Raindrop;1104691 wrote:I was talking to a fellow about a possible relationship and he said that he would be somewhat interested but that he "cannot be possessed".
So he says he's "somewhat interested" and then immediately drops a major hint that he's not looking for a relationship? Move on.
Any guy who warns you that he "can't be possessed" isn't looking for commitment. It's that simple. He's told you that pretty clearly, so I'd not bother with him.
To answer your questions:
Are men afraid of being possessed?
Those who fear commitment, sure. If they don't fear commitment itself, they may have had ultra-controlling girlfriends in the past and fear what he THINKS that commitment might mean to you. This is something you could talk to him about, but I'd still take being told that as a major red flag.
Do other women want to possess them?
Depends on how you mean that word, but in general, yes, I'd say so. I definitely want to possess my boyfriend. I want him to do the same to me.
It sure would explain years of trying to meet men only to have them flee at the first available chance
No, that is something else. You're going for the wrong guys. There are plenty of men who long for a committed relationship and would be totally cool with being "possessed" by you. Ask yourself why you are choosing the emotionally unavailable guys.
I want a man to be nice to me, not be mean to me, talk to me, listen to me and want me sexually, possibly even long term but i do not see that as possession.
It's a relationship. It's normal to want that regardless of what you call it.
Are regular women looking for more? Marriage? Kids? Years of mortgage payments, child support, "possession"? Is this what men fear when they see me smiling at them?
Yes for me for everything but the child support. Child support would imply you broke up, and I don't think anyone goes into a relationship wanting that.

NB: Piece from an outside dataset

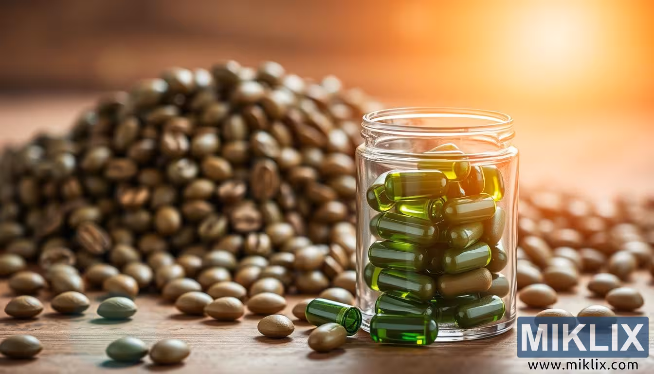 Čist krupni plan zelenih zrna kave i kapsula dodataka prehrani koji ističu njihove prirodne prednosti.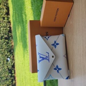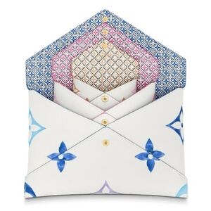 For the seasonal Resort collection, the Kirigami Pochette comes in coated canvas printed with an oversized Monogram pattern. Each of the three envelopes features a different palette of summery shades and a coordinating leather lining with a pattern of Monogram Flowers. The largest pouch can hold a tablet, the medium one a passport, and the small one cards.

And like I said, many men want all of these things too. It has nothing to do with men vs women. You're attracting unavailable men for some reason. Most guys I've been with wanted to marry me much more than the opposite.

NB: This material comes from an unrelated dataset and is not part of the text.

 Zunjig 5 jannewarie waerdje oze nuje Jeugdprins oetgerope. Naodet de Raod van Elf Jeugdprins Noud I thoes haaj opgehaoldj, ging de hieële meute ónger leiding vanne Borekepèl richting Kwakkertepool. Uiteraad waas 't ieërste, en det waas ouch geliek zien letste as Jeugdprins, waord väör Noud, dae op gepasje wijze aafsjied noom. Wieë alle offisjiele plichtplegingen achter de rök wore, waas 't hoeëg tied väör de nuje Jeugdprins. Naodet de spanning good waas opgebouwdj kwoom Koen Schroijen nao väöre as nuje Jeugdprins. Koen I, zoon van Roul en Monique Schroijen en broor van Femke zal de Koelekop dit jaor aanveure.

I have a job, a car, money, (i care little about money or belongings) i dont want a fancy house, or kids, have no interest in wedding rings...
You make it sound like if you DID want those things, it would be a crime or something. It's fine if you don't, bu either way, there is NOTHING wrong with that! There is absolutely nothing wrong with wanting your partner to provide you with money, a car, a home. If you've got all that covered and don't feel you need it, great! That just means you will be happier on your own until you meet the right person. However, many men want kids, so that one will work against you as much as for you.
Just like anyone else, you just have to find the right person who wants what you do.
In fact, i have everything i want but i feel dreadfully unwanted.
This feeling is where you should begin your work. Why aren't you connecting to all you have to offer?
i have and be empowered to care about the future. What do i care about the future if i am alone?
Why do you need another person to care about the future?